* TASK ITEM
Reproduce the material below only from the line with "但是这是再开RIS的情况下,显然是RIS" to the line with "A riportarci alla", both included, keeping each line exact and dropping the pictures.

* GIVEN DATA

Segment Open

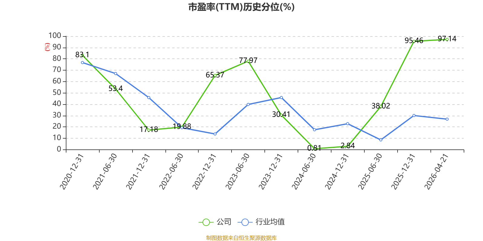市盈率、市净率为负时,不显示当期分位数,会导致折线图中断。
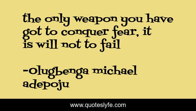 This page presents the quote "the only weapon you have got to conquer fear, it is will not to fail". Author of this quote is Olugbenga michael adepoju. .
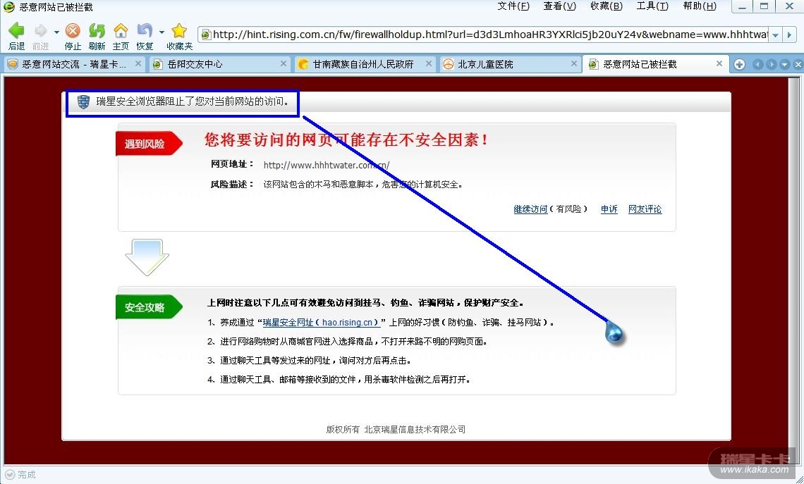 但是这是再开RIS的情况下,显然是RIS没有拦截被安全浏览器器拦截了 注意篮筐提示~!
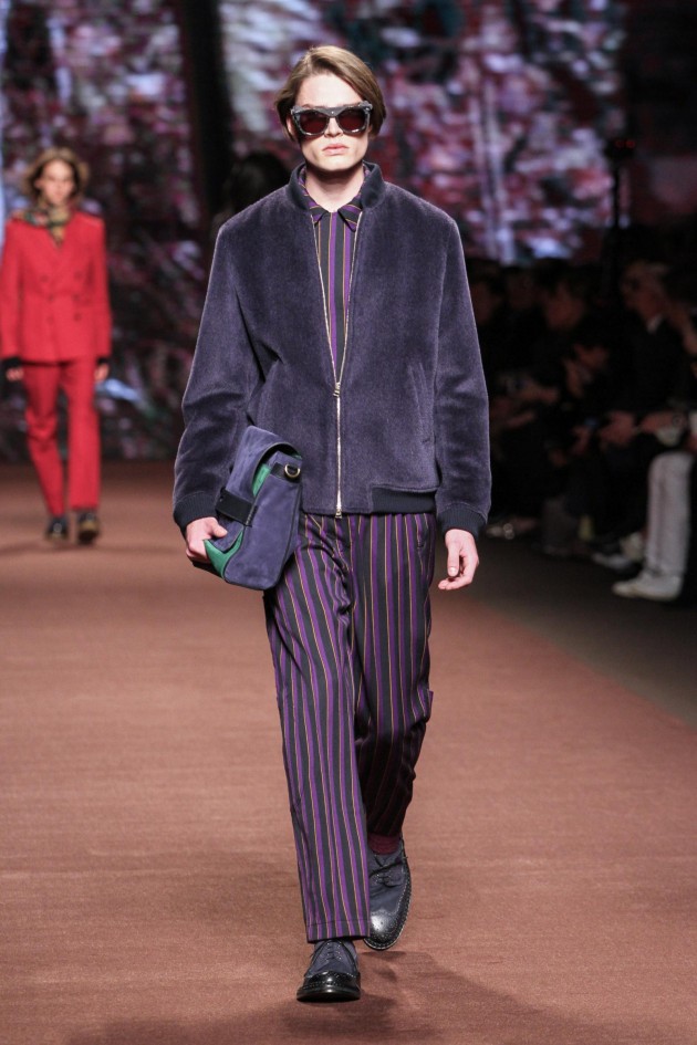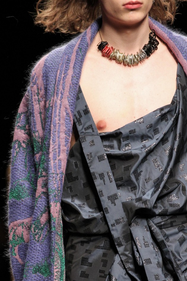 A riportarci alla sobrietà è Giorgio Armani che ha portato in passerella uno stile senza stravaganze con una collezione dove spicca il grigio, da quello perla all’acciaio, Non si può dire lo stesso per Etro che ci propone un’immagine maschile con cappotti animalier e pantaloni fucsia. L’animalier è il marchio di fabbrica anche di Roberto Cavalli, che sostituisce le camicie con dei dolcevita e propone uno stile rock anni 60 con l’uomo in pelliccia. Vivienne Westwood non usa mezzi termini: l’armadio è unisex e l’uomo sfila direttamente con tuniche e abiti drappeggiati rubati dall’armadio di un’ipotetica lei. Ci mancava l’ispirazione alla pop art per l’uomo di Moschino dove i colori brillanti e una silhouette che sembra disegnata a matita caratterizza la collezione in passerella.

Segment Closed
Segment Open

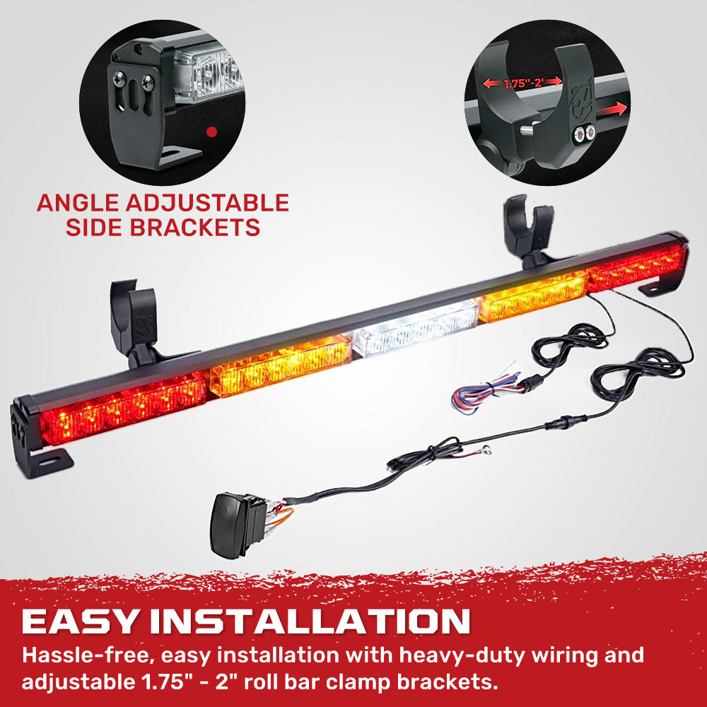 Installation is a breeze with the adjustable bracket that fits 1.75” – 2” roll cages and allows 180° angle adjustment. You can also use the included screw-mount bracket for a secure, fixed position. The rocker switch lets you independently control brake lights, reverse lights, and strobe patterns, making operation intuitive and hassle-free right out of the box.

Segment Closed
Segment Open

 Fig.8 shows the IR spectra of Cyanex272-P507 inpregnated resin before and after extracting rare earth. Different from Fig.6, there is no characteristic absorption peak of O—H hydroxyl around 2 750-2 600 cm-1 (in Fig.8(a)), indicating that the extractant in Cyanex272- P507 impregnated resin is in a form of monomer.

Segment Closed

* FINISHED TASK
 但是这是再开RIS的情况下,显然是RIS没有拦截被安全浏览器器拦截了 注意篮筐提示~!
 A riportarci alla sobrietà è Giorgio Armani che ha portato in passerella uno stile senza stravaganze con una collezione dove spicca il grigio, da quello perla all’acciaio, Non si può dire lo stesso per Etro che ci propone un’immagine maschile con cappotti animalier e pantaloni fucsia. L’animalier è il marchio di fabbrica anche di Roberto Cavalli, che sostituisce le camicie con dei dolcevita e propone uno stile rock anni 60 con l’uomo in pelliccia. Vivienne Westwood non usa mezzi termini: l’armadio è unisex e l’uomo sfila direttamente con tuniche e abiti drappeggiati rubati dall’armadio di un’ipotetica lei. Ci mancava l’ispirazione alla pop art per l’uomo di Moschino dove i colori brillanti e una silhouette che sembra disegnata a matita caratterizza la collezione in passerella.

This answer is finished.